Aside from the fact that it failed me miserably in Potomac, I didn't like the way I drove when it was attached to my windshield. I spent a lot of time watching the little Magellan screen that I should have spend watching the road, and a lot of time tensely waiting for the Magellan's next direction.
When my mom asked if I wanted a GPS navigator for Christmas, I said no (yes, I was quick to suggest a replacement gadget — an external hard drive — that I would actually use). I told her I was perfectly happy with Google Maps, which have never gotten me lost. I print the paper directions (admittedly, I am thinking about going to the mobile solution, to be a bit more green and flexible on the go), I reset the trip odometer at each intersection, and I watch the road the rest of the time.

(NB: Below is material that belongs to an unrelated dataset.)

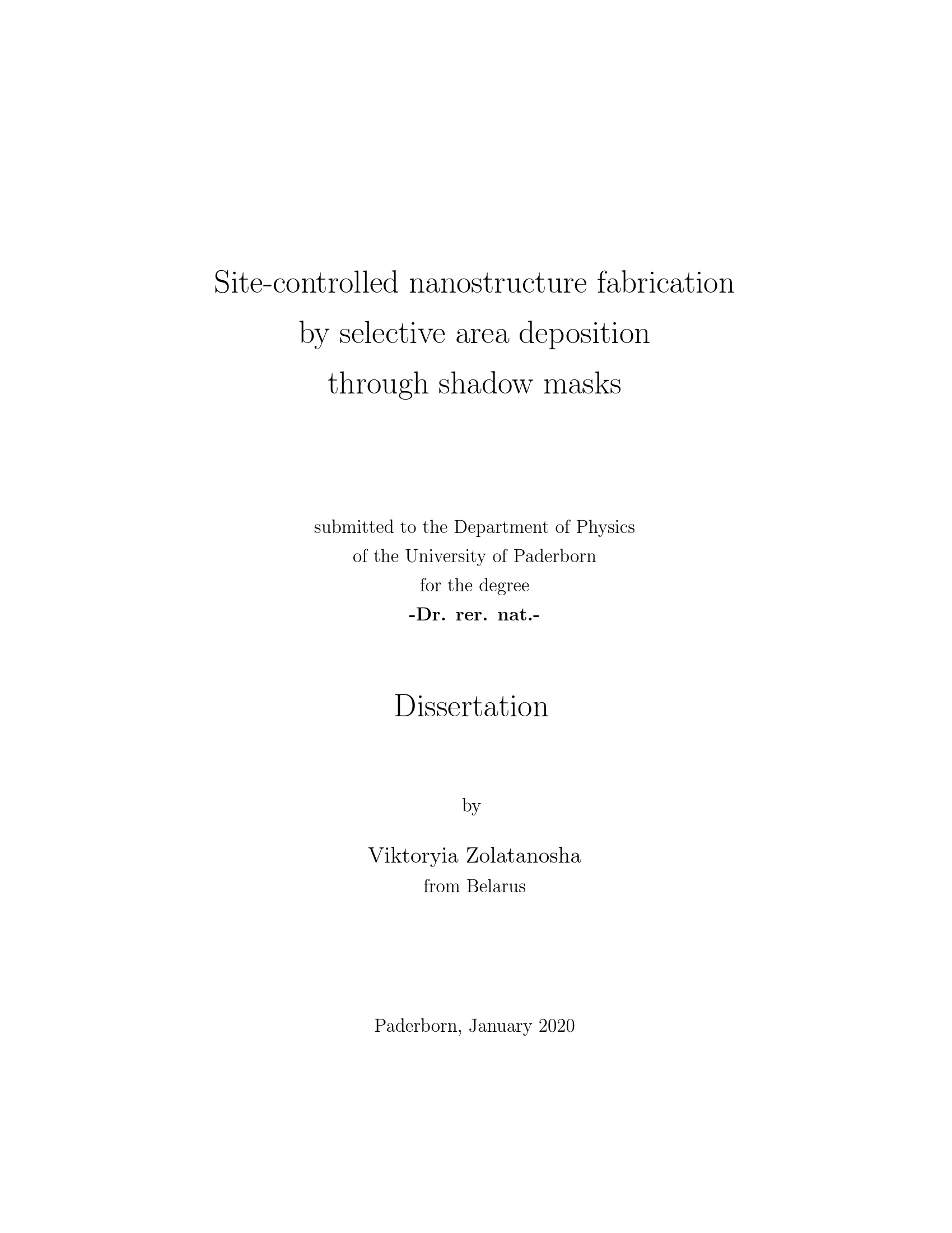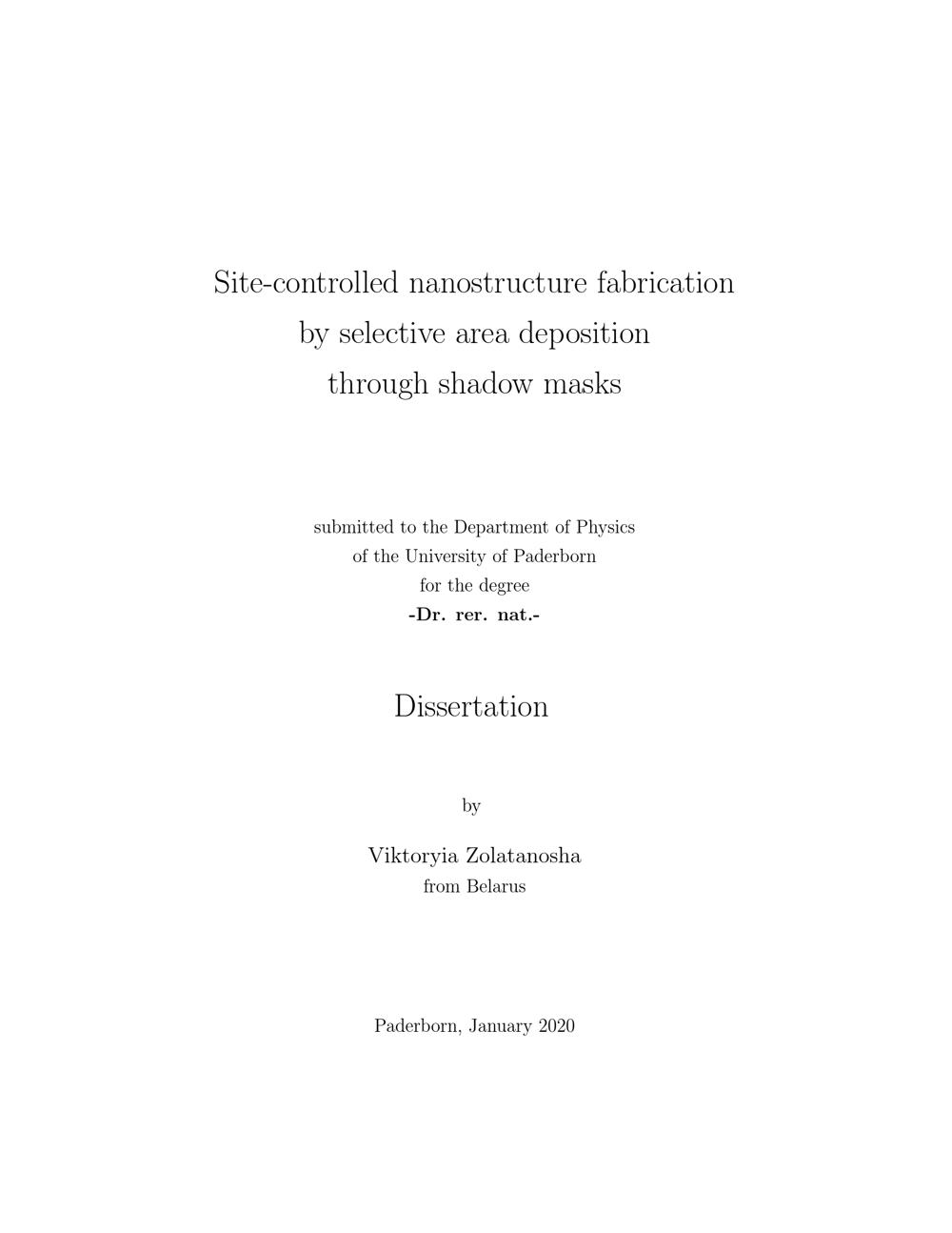 Site-controlled nanostructure fabrication by selective area epitaxy through shadow masks / by Viktoriya Zolatanosha ; [1. Reviewer: Prof. Dr. Dirk Reuter, 2. Reviewer: Prof. Dr. Cedrik Meier]

Obviously, though, there are a lot of people out there who have really embraced GPS devices. It makes me think a bit more about this article
, and whether my dislike of GPS devices has more to do with whether I flat-out don't like the technology, or I just don't like the way it works currently. If the "turn left in point five miles" voice spoke only when absolutely necessary, and there was no tantalizing screen of exactly-where-my-car-is-right-now to look at, I might be quicker to embrace it. Then again, what's the difference between that and my Google Maps directions, aside from a couple hundred bucks?